[Opening Data provided section]

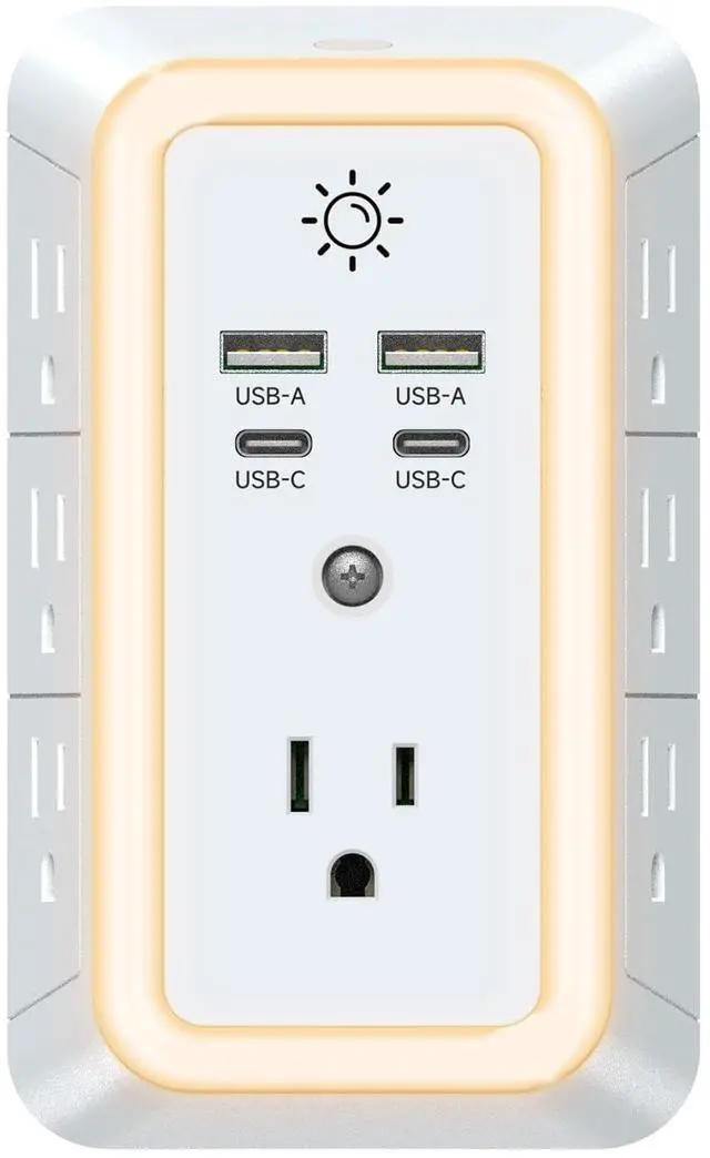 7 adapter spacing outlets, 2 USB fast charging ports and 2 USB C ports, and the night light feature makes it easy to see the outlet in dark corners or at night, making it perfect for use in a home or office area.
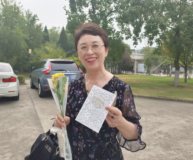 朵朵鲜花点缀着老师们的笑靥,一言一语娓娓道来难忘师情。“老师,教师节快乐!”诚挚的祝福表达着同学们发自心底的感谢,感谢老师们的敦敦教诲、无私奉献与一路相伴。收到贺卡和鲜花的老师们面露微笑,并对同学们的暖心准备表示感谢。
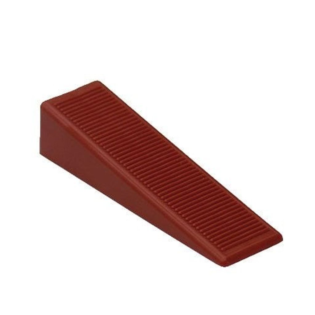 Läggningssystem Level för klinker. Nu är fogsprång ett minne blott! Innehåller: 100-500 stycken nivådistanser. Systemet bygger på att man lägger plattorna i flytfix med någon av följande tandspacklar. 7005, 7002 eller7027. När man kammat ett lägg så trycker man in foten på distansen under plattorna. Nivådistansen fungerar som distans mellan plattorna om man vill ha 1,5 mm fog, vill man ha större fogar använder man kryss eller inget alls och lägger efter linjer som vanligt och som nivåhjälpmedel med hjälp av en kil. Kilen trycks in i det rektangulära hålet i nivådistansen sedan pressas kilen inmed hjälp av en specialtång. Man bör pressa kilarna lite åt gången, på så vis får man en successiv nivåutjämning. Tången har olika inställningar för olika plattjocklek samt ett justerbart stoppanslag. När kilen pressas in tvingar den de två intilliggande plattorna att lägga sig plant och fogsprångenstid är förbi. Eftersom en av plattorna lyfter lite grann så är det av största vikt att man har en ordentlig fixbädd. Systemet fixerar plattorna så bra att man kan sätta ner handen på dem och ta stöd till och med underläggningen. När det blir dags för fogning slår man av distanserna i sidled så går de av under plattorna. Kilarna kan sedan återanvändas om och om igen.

[Closing Data provided section]
[Opening Data provided section]

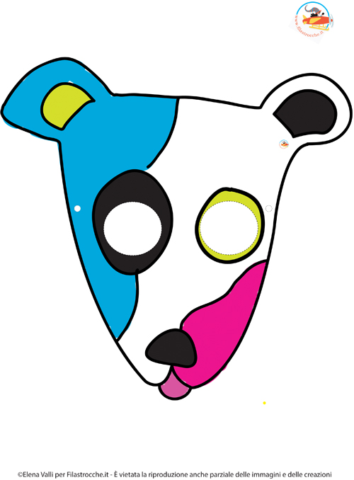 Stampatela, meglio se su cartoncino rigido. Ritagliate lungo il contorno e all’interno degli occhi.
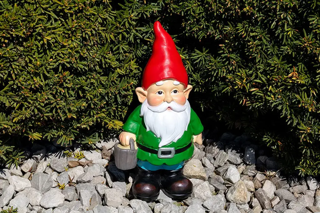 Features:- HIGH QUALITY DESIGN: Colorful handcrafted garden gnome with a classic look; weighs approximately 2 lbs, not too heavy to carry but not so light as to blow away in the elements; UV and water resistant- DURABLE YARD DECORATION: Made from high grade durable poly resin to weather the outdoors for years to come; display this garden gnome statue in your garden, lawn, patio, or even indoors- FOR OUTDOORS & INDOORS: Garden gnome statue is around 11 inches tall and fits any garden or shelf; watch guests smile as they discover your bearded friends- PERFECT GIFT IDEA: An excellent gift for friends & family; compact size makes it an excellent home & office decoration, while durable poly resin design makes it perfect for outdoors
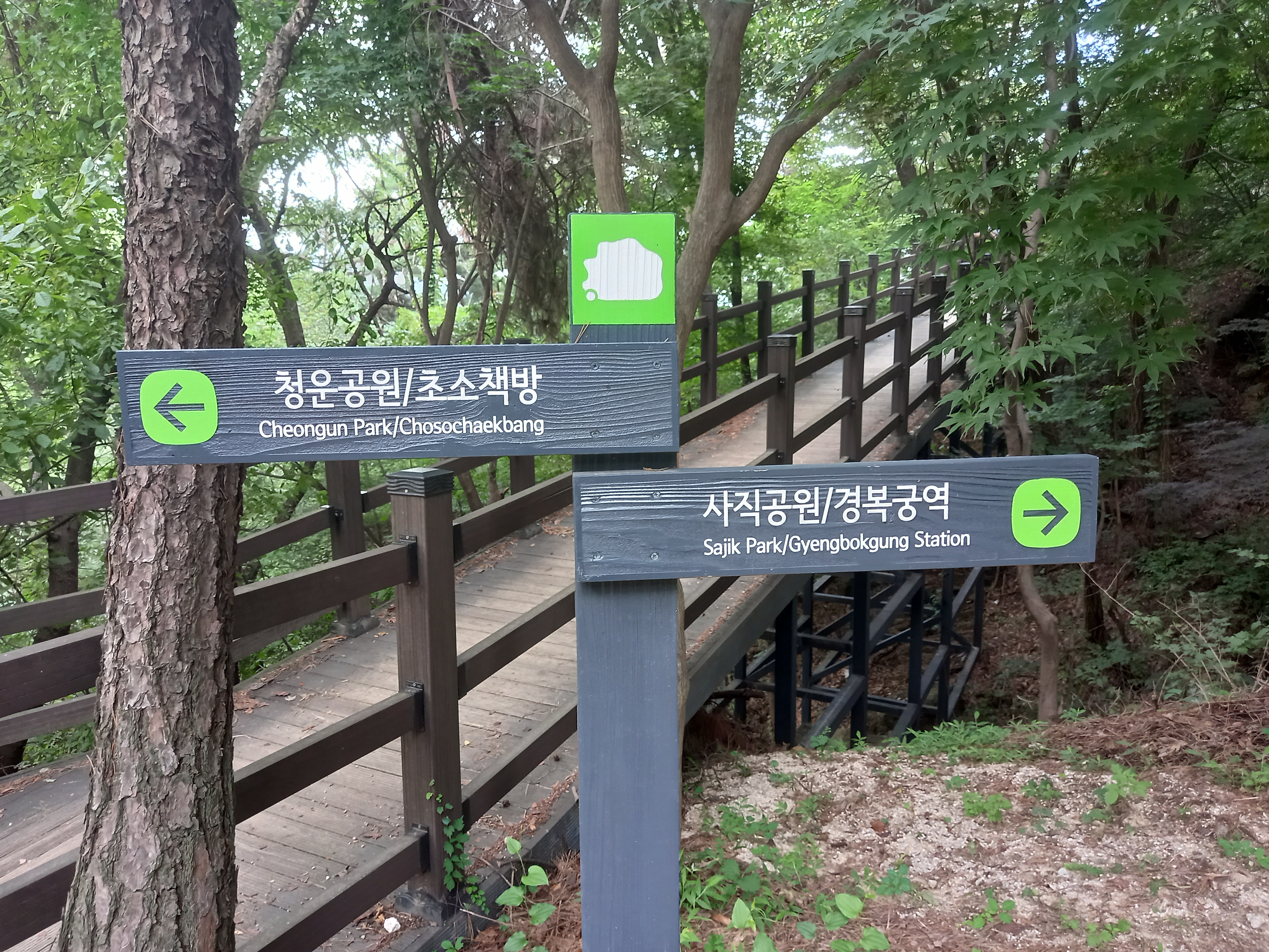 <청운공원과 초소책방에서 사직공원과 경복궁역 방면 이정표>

[Closing Data provided section]
[Opening Data provided section]

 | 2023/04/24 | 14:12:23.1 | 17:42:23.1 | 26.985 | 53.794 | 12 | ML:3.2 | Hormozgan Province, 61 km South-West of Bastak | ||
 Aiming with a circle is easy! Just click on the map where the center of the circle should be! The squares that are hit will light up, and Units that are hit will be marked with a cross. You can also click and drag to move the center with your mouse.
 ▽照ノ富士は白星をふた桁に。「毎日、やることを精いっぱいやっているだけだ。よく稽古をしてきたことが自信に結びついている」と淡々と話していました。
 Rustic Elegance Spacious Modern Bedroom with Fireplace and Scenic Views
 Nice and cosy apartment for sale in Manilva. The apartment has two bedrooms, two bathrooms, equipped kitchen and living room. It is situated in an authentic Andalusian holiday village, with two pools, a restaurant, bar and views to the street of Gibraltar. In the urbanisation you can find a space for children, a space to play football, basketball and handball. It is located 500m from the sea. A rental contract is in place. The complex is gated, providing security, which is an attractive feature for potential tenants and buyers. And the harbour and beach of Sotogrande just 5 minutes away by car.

[Closing Data provided section]

Your task —
For the material above, reproduce exactly the lines from the line with "Bastak | ||" to the line with "Nice and cosy", inclusive, and exclude all others.

Task response —
 | 2023/04/24 | 14:12:23.1 | 17:42:23.1 | 26.985 | 53.794 | 12 | ML:3.2 | Hormozgan Province, 61 km South-West of Bastak | ||
 Aiming with a circle is easy! Just click on the map where the center of the circle should be! The squares that are hit will light up, and Units that are hit will be marked with a cross. You can also click and drag to move the center with your mouse.
 ▽照ノ富士は白星をふた桁に。「毎日、やることを精いっぱいやっているだけだ。よく稽古をしてきたことが自信に結びついている」と淡々と話していました。
 Rustic Elegance Spacious Modern Bedroom with Fireplace and Scenic Views
 Nice and cosy apartment for sale in Manilva. The apartment has two bedrooms, two bathrooms, equipped kitchen and living room. It is situated in an authentic Andalusian holiday village, with two pools, a restaurant, bar and views to the street of Gibraltar. In the urbanisation you can find a space for children, a space to play football, basketball and handball. It is located 500m from the sea. A rental contract is in place. The complex is gated, providing security, which is an attractive feature for potential tenants and buyers. And the harbour and beach of Sotogrande just 5 minutes away by car.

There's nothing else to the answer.